WBYA's logo as "105.5 The Wolf", used from February 2017 until June 2025

Nassau Broadcasting Partners acquired Mariner in 2004; under Nassau, the station switched to the "Frank FM" classic hits format on April 1, 2005. WBYA simulcast the morning show of Portland sister WFNK, and in addition to the classic hits format broadcast local high school basketball games and Boston Red Sox baseball.

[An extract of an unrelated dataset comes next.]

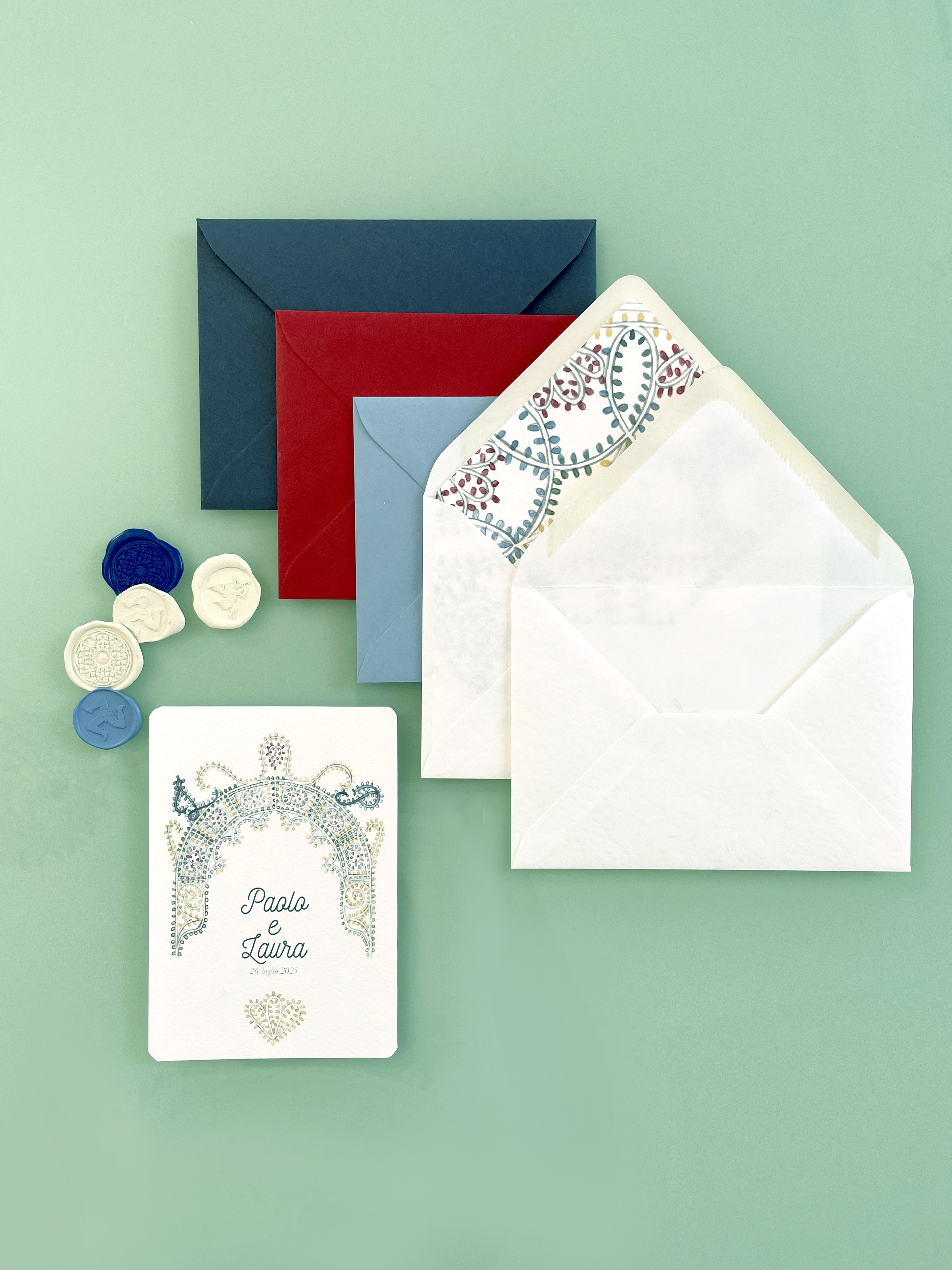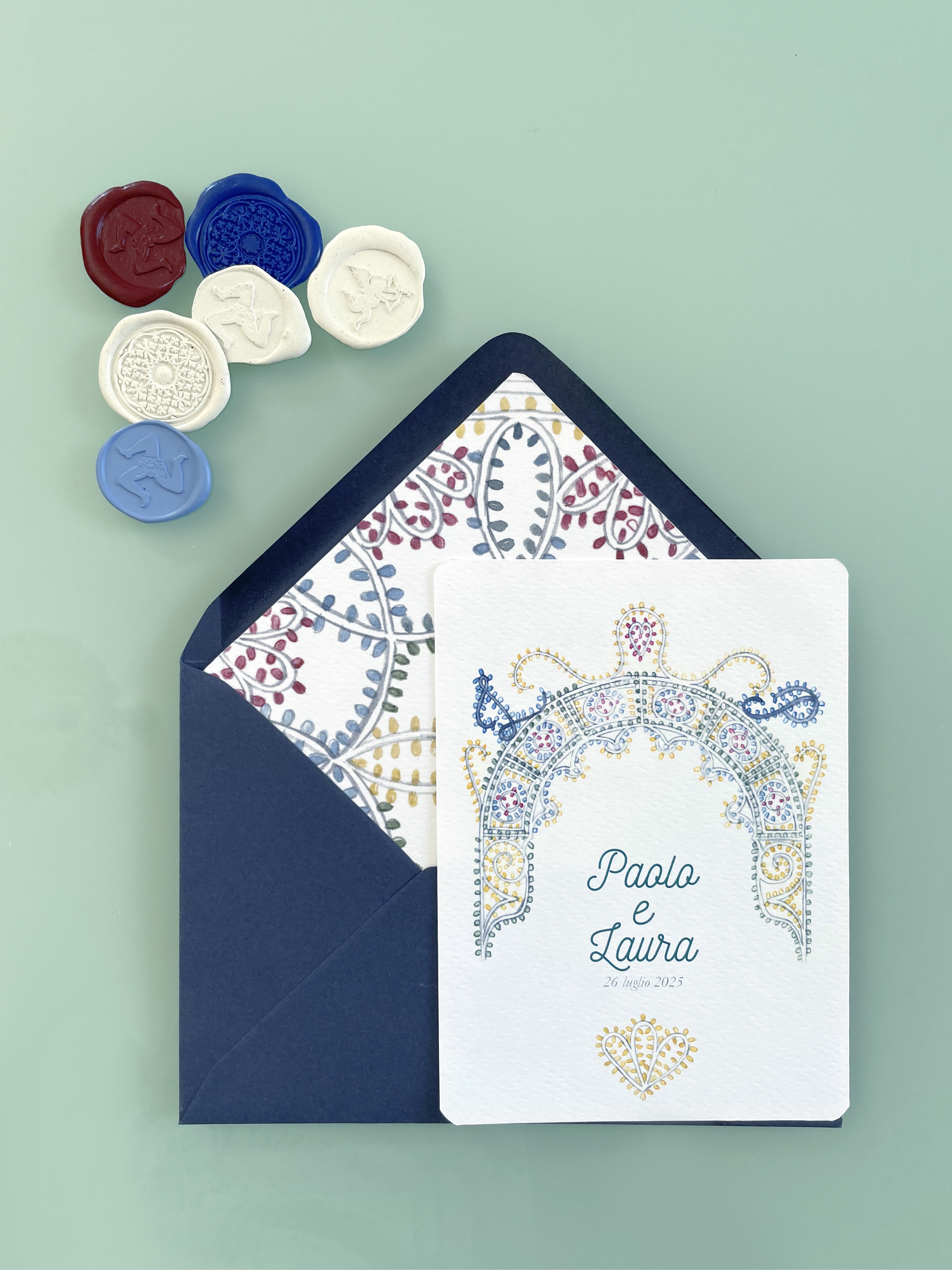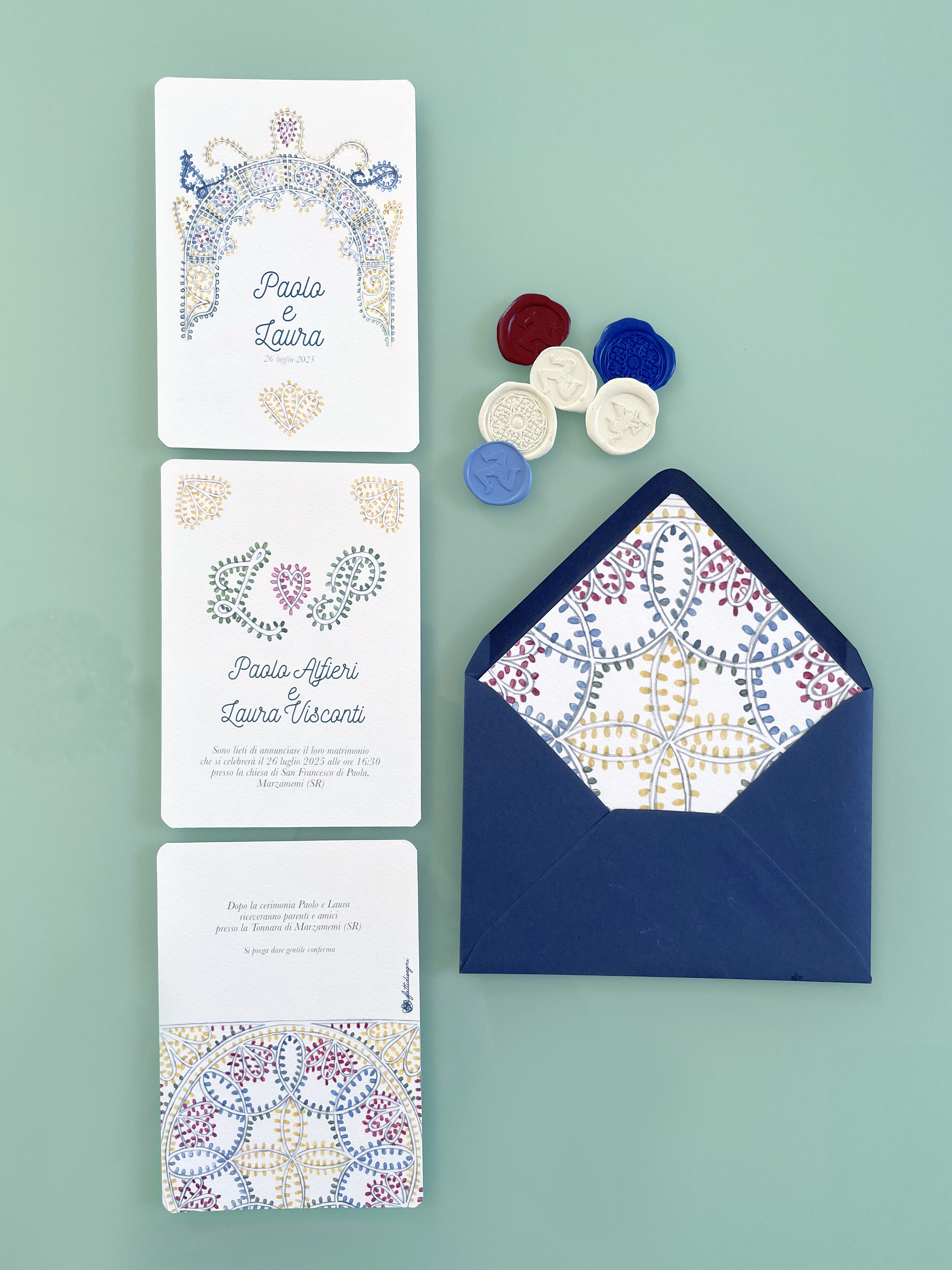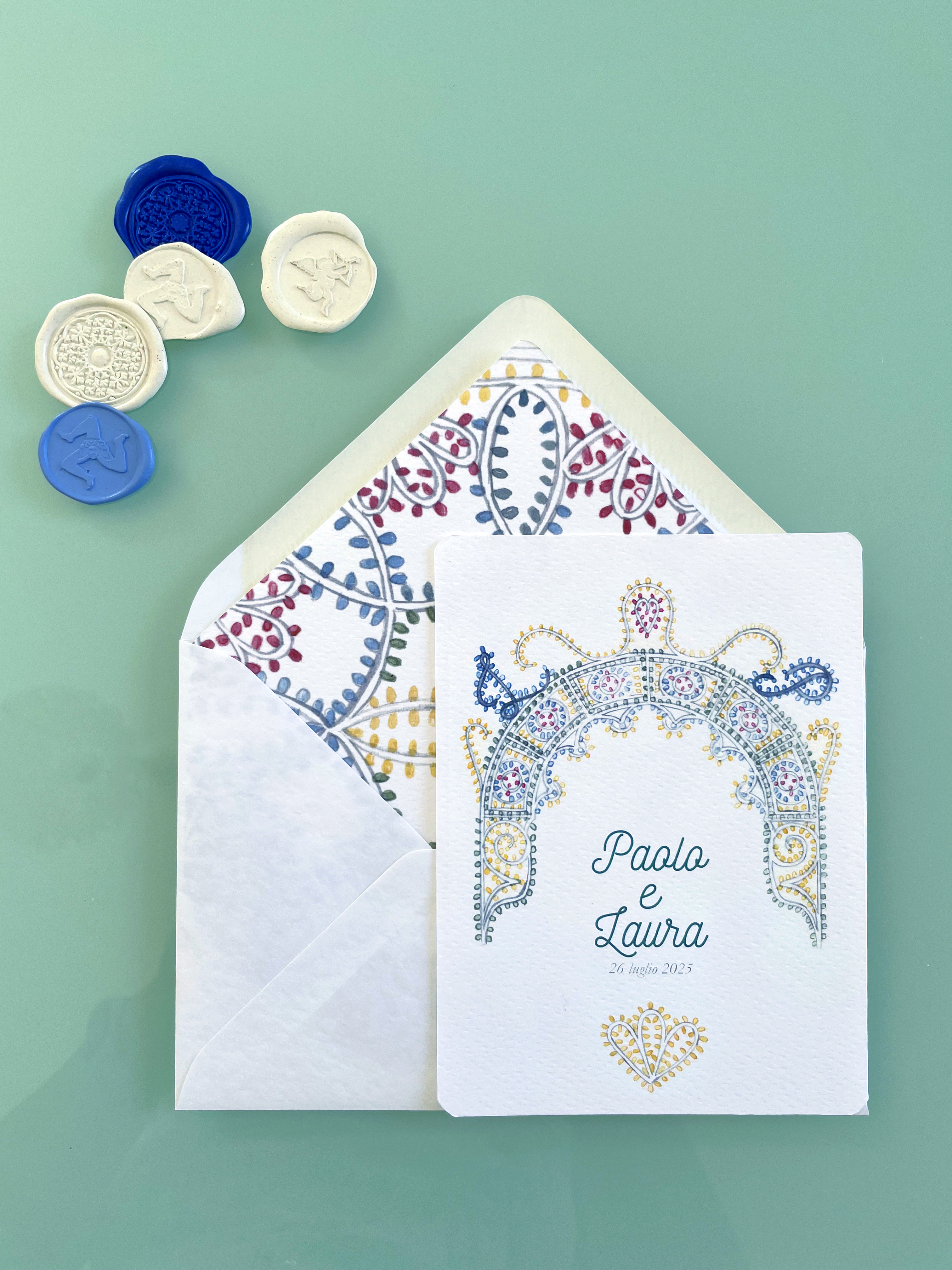 Partecipazioni a tema siciliano con illustrazioni ad acquerello delle luminarie tipiche delle feste patronali; è un coordinato per coppie che amano uno stile elegante e delicato ma vogliono comunque un tema legato alla sicilia.

WBYA, along with 16 other Nassau stations in northern New England, was purchased at bankruptcy auction by WBIN Media Company, a company controlled by Bill Binnie, on May 22, 2012. Binnie already owned WBIN-TV in Derry, New Hampshire. The deal was completed on November 30, 2012.

On February 18, 2017, Binnie Media moved the classic hits format to WBQX (106.9 FM), replacing the classical music programming of WBACH; WBYA then began stunting with a loop directing listeners to WBQX. On February 24, 2017, WBYA changed to a country music format, branded as "105.5 The Wolf"; the new format includes a simulcast of Portland sister station WTHT's morning show. Following the format changes, WBYA retained Boston Red Sox broadcasts, while its high school basketball coverage was transferred to WBQX.

On June 24, 2025, it was announced that WBYA will drop both its Wolf branding and country format and flip to a soft adult contemporary format under the branding "105.5 The Wave" on June 30, 2025.